TASK DESCRIPTION> Below are the records; give again exactly the lines from the one containing "Следующей моей темой" through the one containing "Веселые игры с", leaving out pictures.

[Data excerpts]
BEGIN
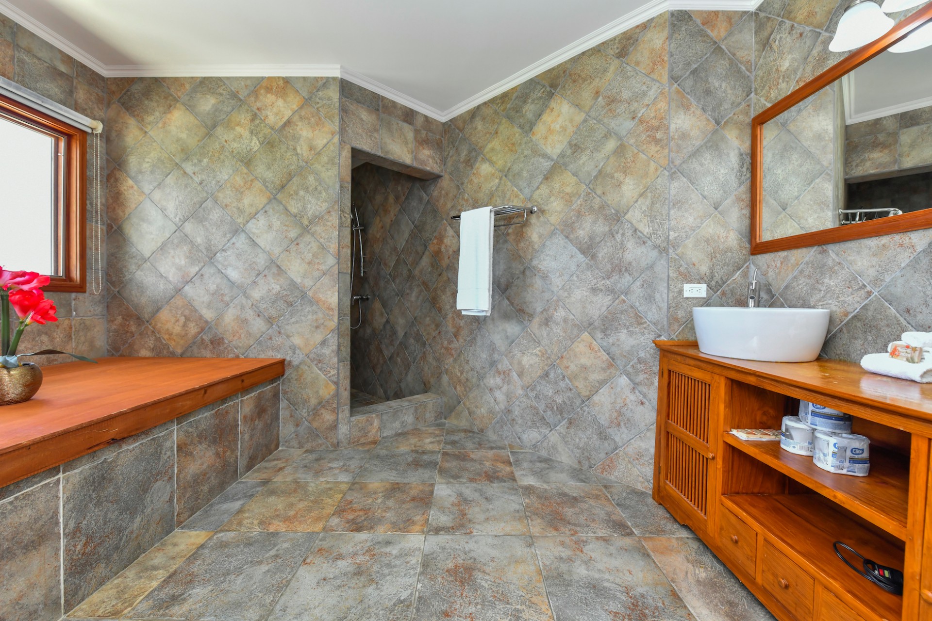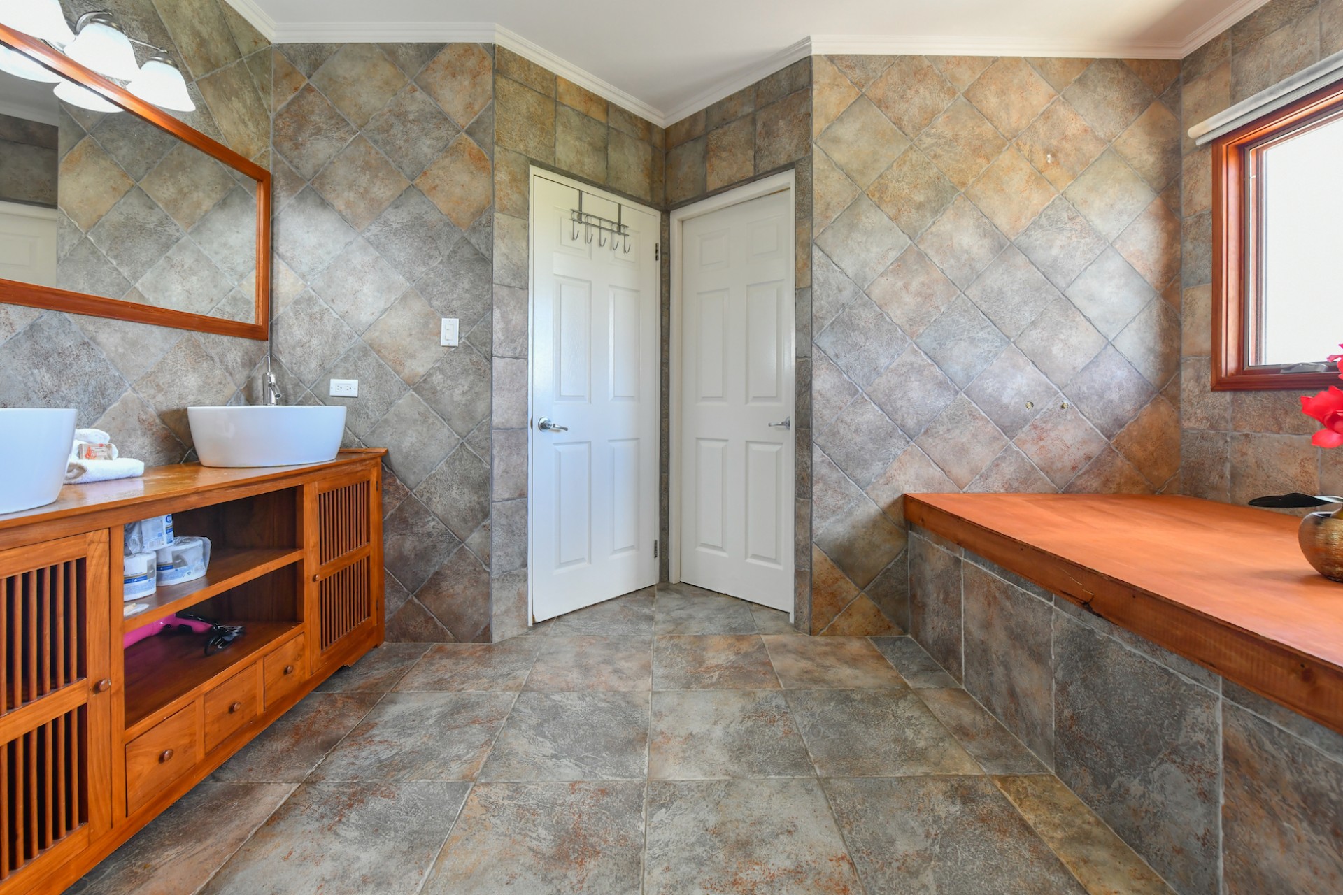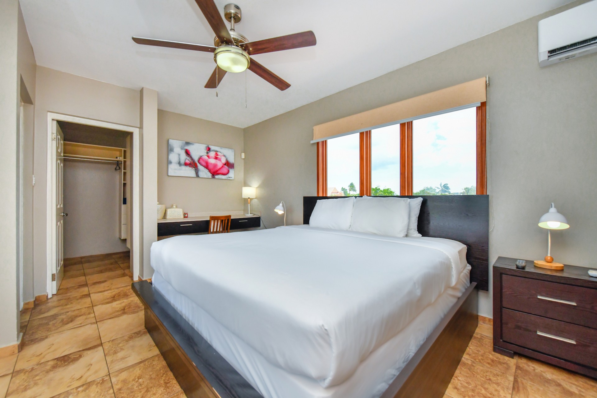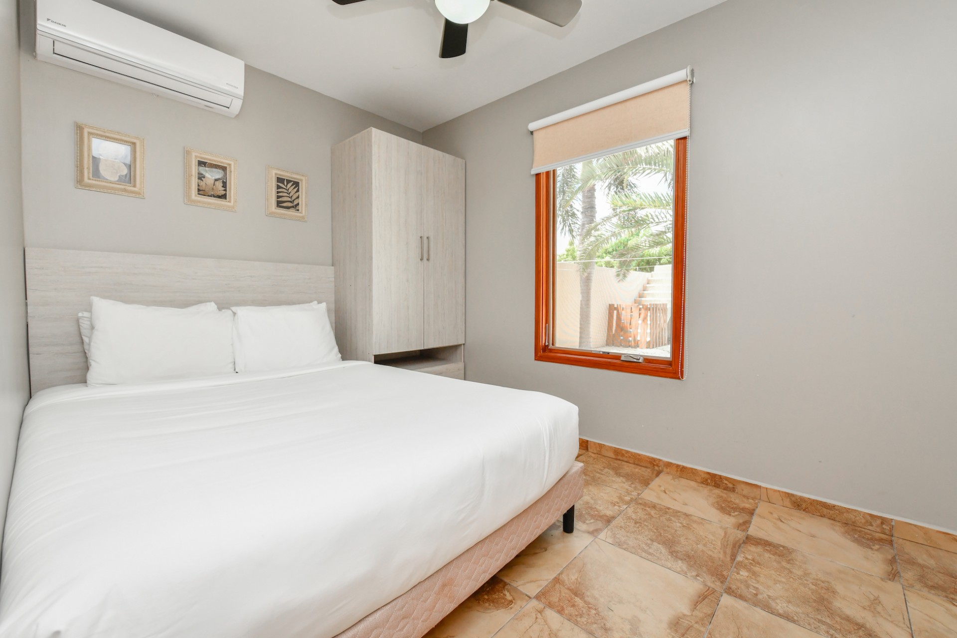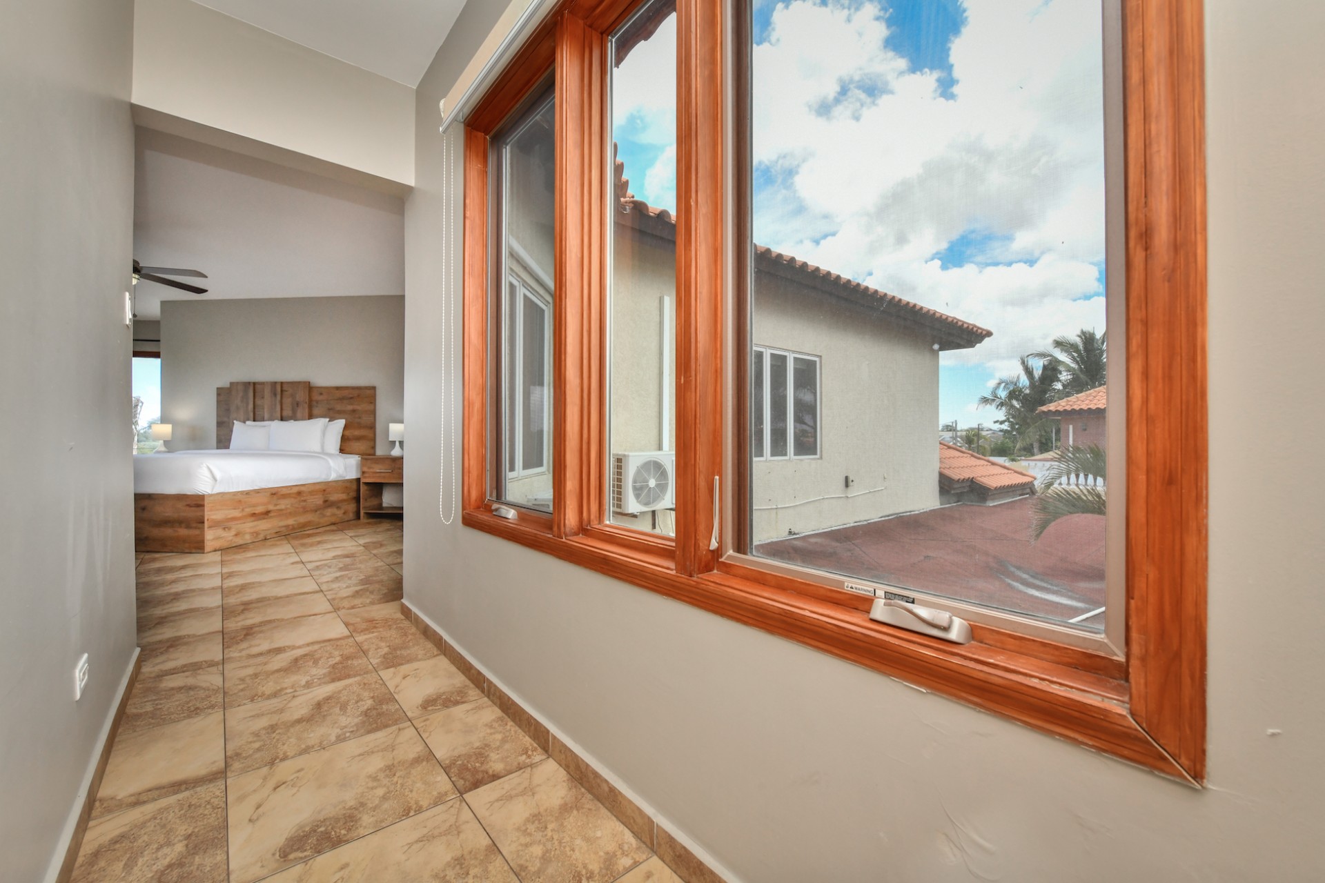 The villa features four bedrooms thoughtfully distributed over two levels. Two bedrooms are located upstairs, each with access to a private balcony, while the two downstairs bedrooms open directly to the garden, creating a seamless indoor-outdoor living experience. Three of the bedrooms are generously sized and include walk-in closets, while the fourth bedroom offers a comfortable space for guests, children, or a home office.
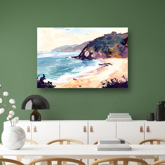 Minimalistisch schilderij van strand bij zonsopgang canvas met baklijst
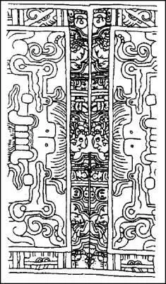 Следующей моей темой была пара силуэтов, «смотревших» друг на друга. Совместив изображение на оригинале с соответствующим изображением на копии, как предписывали правила игры, я понял, что отыскал одного из персонажей, которых недоставало еще на первом этапе дешифровки. Я нашел отсутствовавшего прежде партнера из первой божественной пары, жившей в «раю» Ометеотль, которого не мог отыскать во время первой интерпретации. Установление божественной пары первотворцов повлекло за собой появление трех сцен из мифологии майя, посвященной Созданию мира. В целом же эта работа навела меня на мысль, что, перемещая ацетатную копию, можно получать и другие картинки, помимо полученного ранее изображения божества — Летучей мыши.
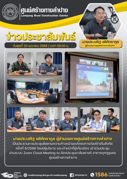นายประเสริฐ อติภัทรากูล ผู้อำนวยการศูนย์สร้างทางลำปาง เป็นประธานการประชุมติดตามความก้าวหน้าของโครงการก่อสร้างในสังกัด ครั้งที่ 8/2568 โดยมีผู้บริหาร และเจ้าหน้าที่ผู้เกี่ยวข้อง เข้าร่วมประชุม ผ่านระบบ Zoom Cloud Meeting ณ ห้องประชุมอาลัมพางค์ อาคารกุกกุฎนคร ศูนย์สร้างทางลำปาง
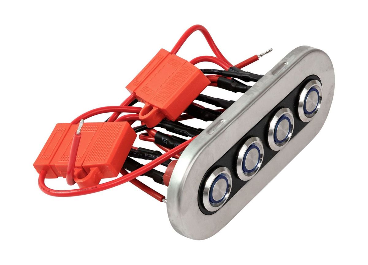 Бортовая панель на четыре кнопочных выключателя с подсветкой Комплектуется информационными наклейками и накладкой из нержавеющей стали.
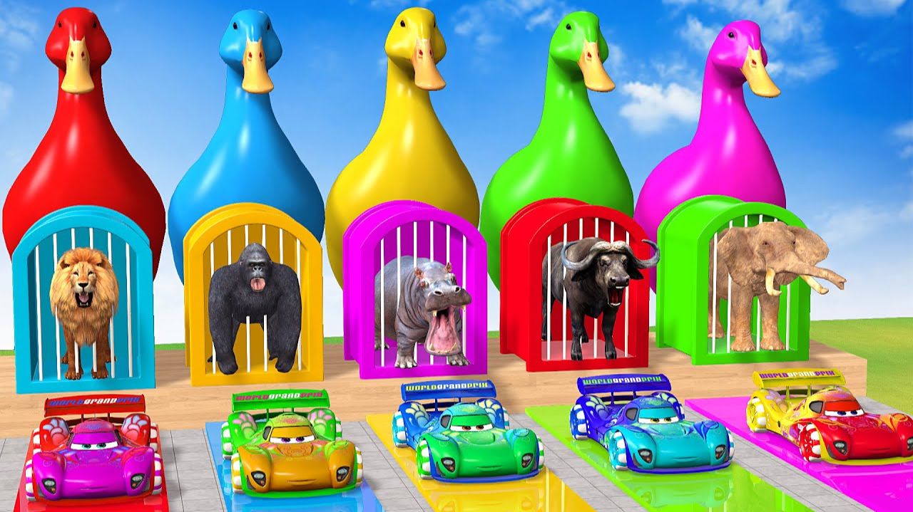 Веселые игры с слоном, гориллой, бегемотом, тигром - 3D игра с животными - Забавные 3D животные
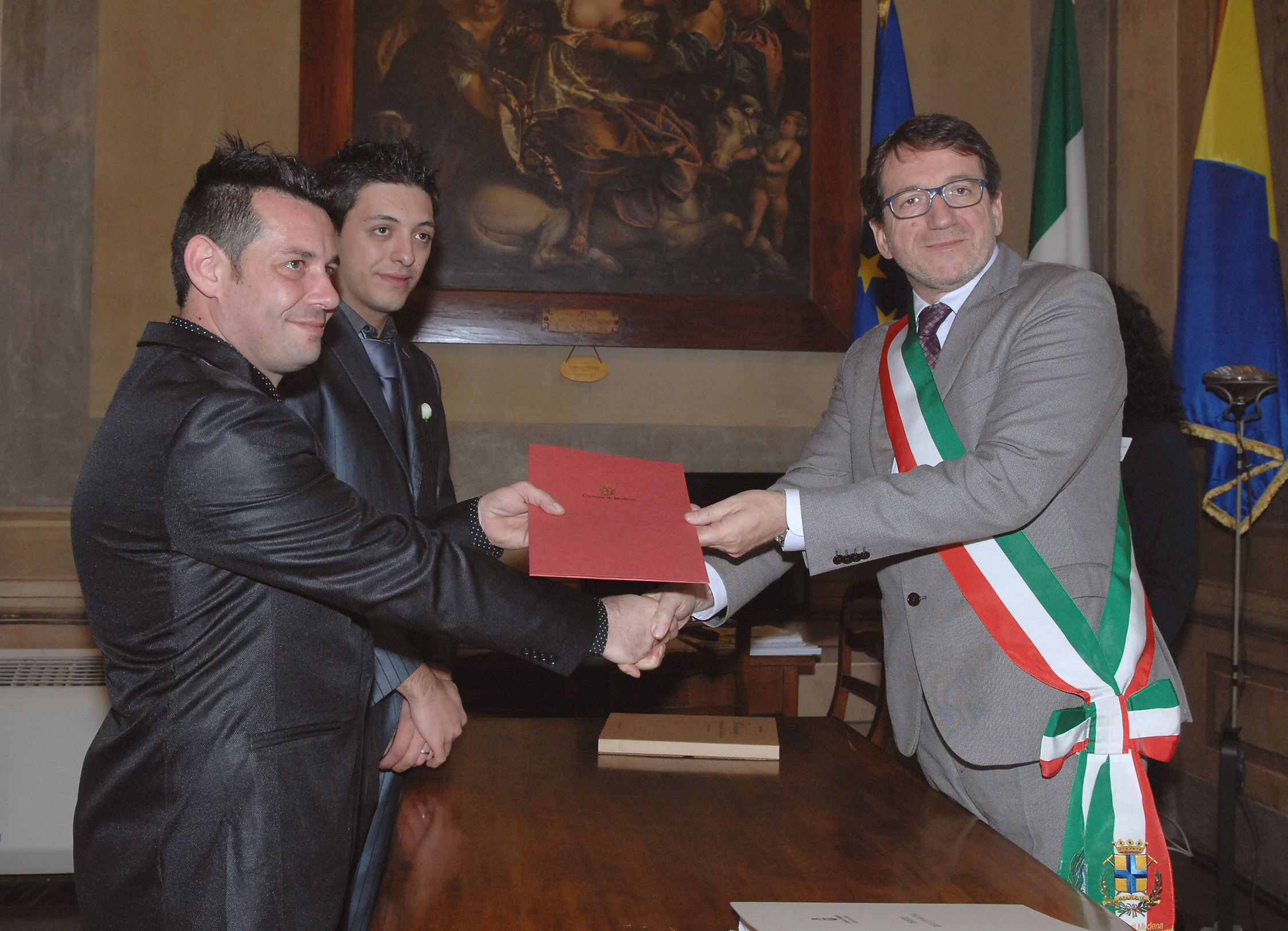 “Con l’atto di oggi ufficializziamo un modo di essere cittadini alla pari nella comunità modenese. Questo registro, di cui voi siete i primi iscritti, consentirà a tutti di uscire dall’anonimato e di essere riconosciuti pubblicamente come coppia”. Lo ha detto il sindaco di Modena Gian Carlo Muzzarelli celebrando giovedì 27 novembre in Municipio la prima iscrizione nel Registro delle unioni civili della città. A registrare per primi, accompagnati dai familiari, la propria dichiarazione di unione sentimentale e coabitazione sono stati Alessio De Gioia, 26 anni, e Andrea Alebbi, 36 anni, giovane coppia omosessuale modenese. Anche la data scelta non è casuale, il 27 novembre ricorre infatti l’anniversario dell’omicidio di Harvey Milk, primo componente delle istituzioni statunitensi apertamente gay e militante del movimento di liberazione omosessuale, ucciso a San Francisco nel 1978.
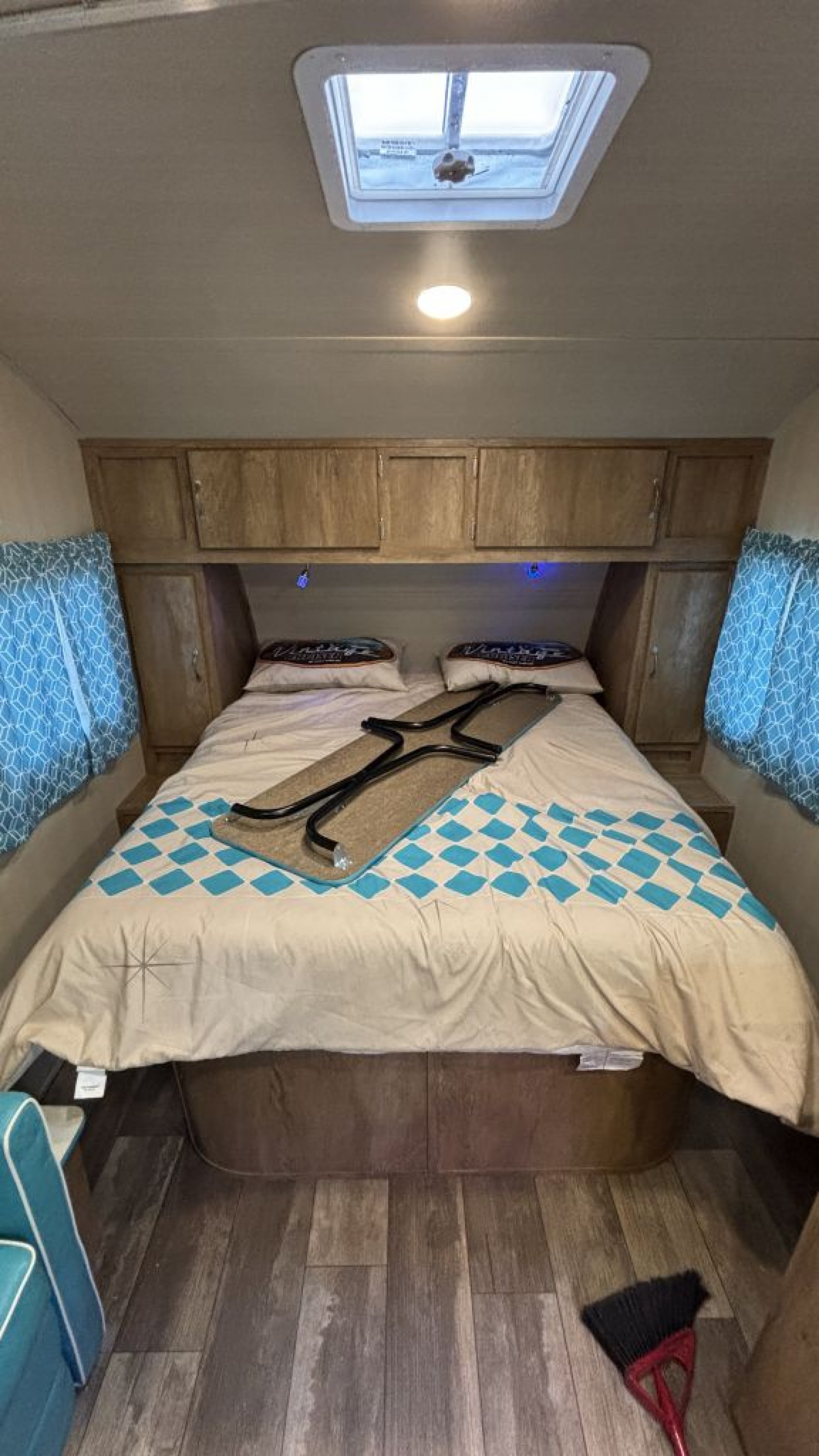 • Front Queen Bedroom: Features a walk-around 60" x 74" Queen bed with vintage-style overhead cabinets and side wardrobes for a cozy, nostalgic feel.
END
SOLUTION TO THIS TASK>
 Следующей моей темой была пара силуэтов, «смотревших» друг на друга. Совместив изображение на оригинале с соответствующим изображением на копии, как предписывали правила игры, я понял, что отыскал одного из персонажей, которых недоставало еще на первом этапе дешифровки. Я нашел отсутствовавшего прежде партнера из первой божественной пары, жившей в «раю» Ометеотль, которого не мог отыскать во время первой интерпретации. Установление божественной пары первотворцов повлекло за собой появление трех сцен из мифологии майя, посвященной Созданию мира. В целом же эта работа навела меня на мысль, что, перемещая ацетатную копию, можно получать и другие картинки, помимо полученного ранее изображения божества — Летучей мыши.
นายประเสริฐ อติภัทรากูล ผู้อำนวยการศูนย์สร้างทางลำปาง เป็นประธานการประชุมติดตามความก้าวหน้าของโครงการก่อสร้างในสังกัด ครั้งที่ 8/2568 โดยมีผู้บริหาร และเจ้าหน้าที่ผู้เกี่ยวข้อง เข้าร่วมประชุม ผ่านระบบ Zoom Cloud Meeting ณ ห้องประชุมอาลัมพางค์ อาคารกุกกุฎนคร ศูนย์สร้างทางลำปาง
 Бортовая панель на четыре кнопочных выключателя с подсветкой Комплектуется информационными наклейками и накладкой из нержавеющей стали.
 Веселые игры с слоном, гориллой, бегемотом, тигром - 3D игра с животными - Забавные 3D животные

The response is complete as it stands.